The 8823 Guide states that “households determined to be income qualified for purposes of IRC Section 42 credit during the 15-year compliance period are concurrently income qualified for the purposes of the +30-year extended use agreement. As a result, any households determined to be income qualified at the time of move-in for purpose of the extended use agreement is a qualified low-income household for any subsequent allocation of IRC Section 42 credit.”

Per the IRS, initial certifications of existing over-income households that will remain in place when a property is resyndicated do not need to be performed by the owner. Each unit will remain qualified and be grandfathered in as long as the owner provides the complete initial certification paperwork to show the household was income eligible when they initially moved into the tax credit property. If the owner does not have the initial certification, then they will be allowed to use a subsequent recertification that clearly shows the unit was once income eligible under the old allocation of tax credits. The owner should perform the annual recertification of each household under their normal recertification anniversary date.
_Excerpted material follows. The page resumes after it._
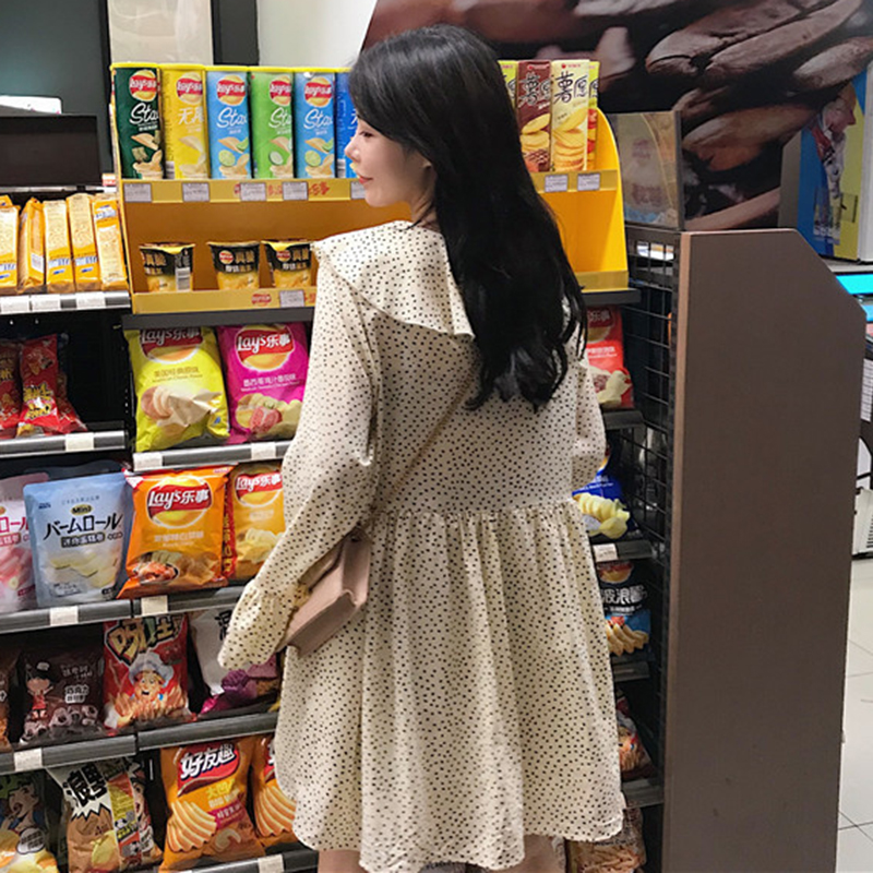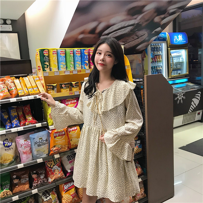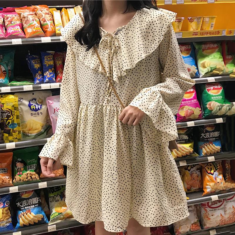 / 小清新波點連衣裙秋裝女2018新款甜美荷葉領系帶長袖娃娃A字裙子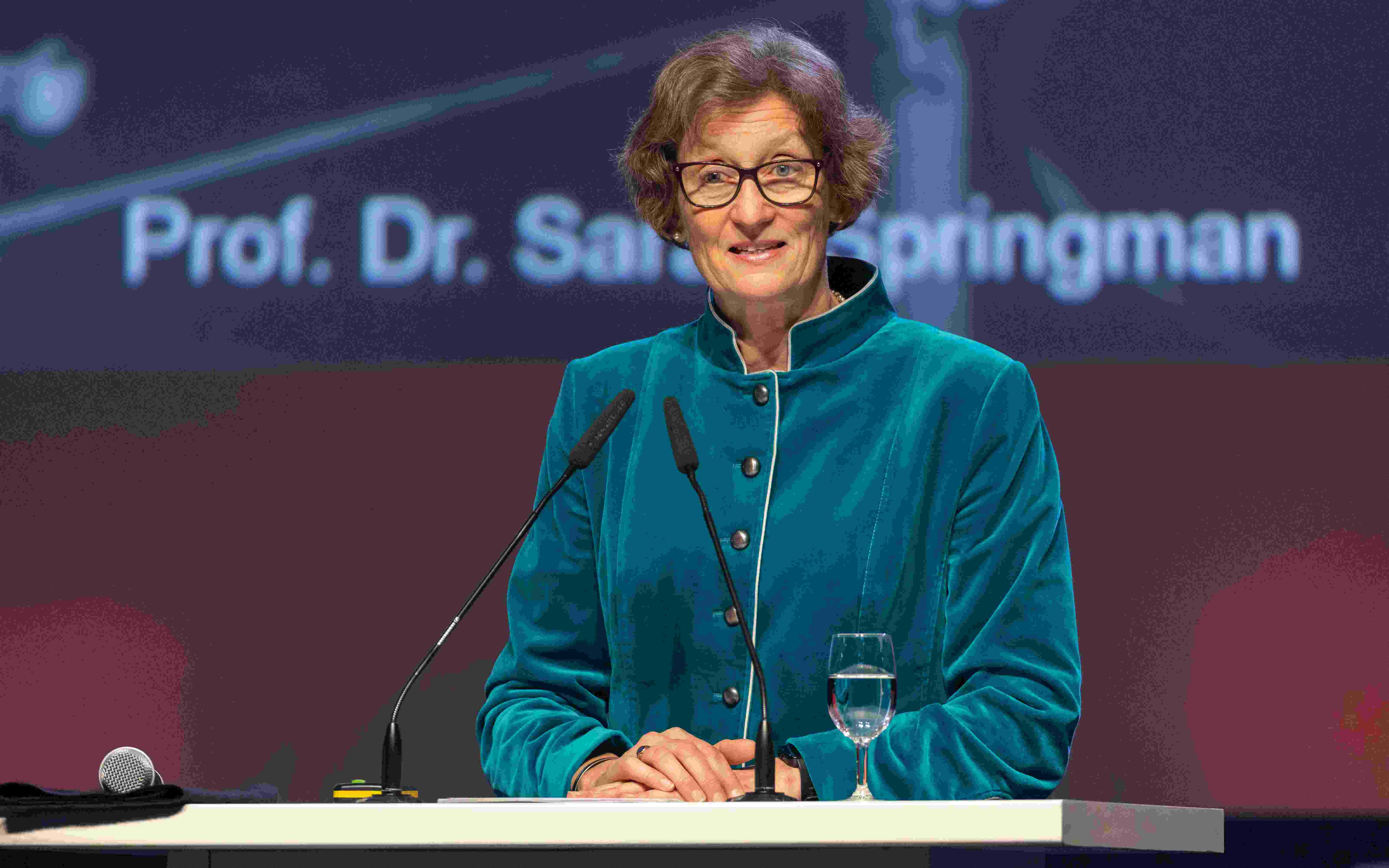 La professeure Sarah Springman, rectrice de l'EPF Zurich, élevée notamment au rang d'officier de l'Ordre de l'Empire britannique pour les services rendus à la fédération britannique de triathlon, a impressionné l'auditoire presque autant par son discours que par son palmarès, passant en revue les différentes étapes de ses carrières professionnelle et sportive hors du commun. Elle est ainsi revenue sur une compétition dans laquelle elle s'était illustrée alors qu'elle était triathlète: au sein d'une équipe 100% féminine, elle a relié Londres à Paris en traversant la Manche, surclassant même les Royal Marines, ce qu'elle a fait remarquer non sans un brin de fierté.

On the other hand, some states require the owner to perform a full income and asset certification for all existing households who remain when property is resyndicated and require the owner or their management agent to create a completely new tax credit file for all existing tenants. For households where the new certification is over the income limits under the new allocation, owners must prove eligibility to be grandfathered in by providing the documentation of the original qualifying certification for the household that clearly shows income eligibility under the old allocation of credits. When the new certifications need to be completed by vary by states. Owners and management agents should check with their state agencies on first-year documentation requirements to avoid any noncompliance. Even if your state does not require new certifications, we strongly recommend owners to perform new certifications on existing tenants in order to confirm the eligibility of tenants rather than simply relying on previous management’s paperwork and therefore avoid any potential first-year noncompliance issues.

Avoid Two-Thirds Credits Over 15 Years

Placed-in-service rules and credit calculations are on a building-by-building basis. Owners should make sure all buildings are 100% qualified at close of the first year to avoid 15-year credits. If the target applicable fraction of 100% was not met at the close of the first year, the owner is subject to the credits being delivered over the 15-year compliance period instead of the 10-year credit period. Physical occupancy is not necessarily required to count a unit as qualified. However, tenants need to have signed the lease and have the right to occupy the unit in order to count the unit as qualified, as well as having signed the tenant income certification along with required verification of income and assets.

If 100% lease-up is challenging, owners may consider monetary incentives such as rent discounts for the first few months. If lease-up is slow and project will be less than 100% at close of first year, owners should consider leasing up some buildings 100% before leasing up other buildings to avoid 15-year credits and consider delaying credit period on buildings less than 100%.

Third-Party Review

It is important to have another set of eyes on the tenant files. Owners should have third-party review first year tenant files and rent/income limits along with other property compliance issues to mitigate first year noncompliance. Third-party review should be done before the close of the first year, and ideally have the third-party review the first few lease-up tenant files to make sure compliance issues are on track (especially rent and income limits) and errors do not get repeated. Novogradac is available to review tenant files as well as rent/income limits.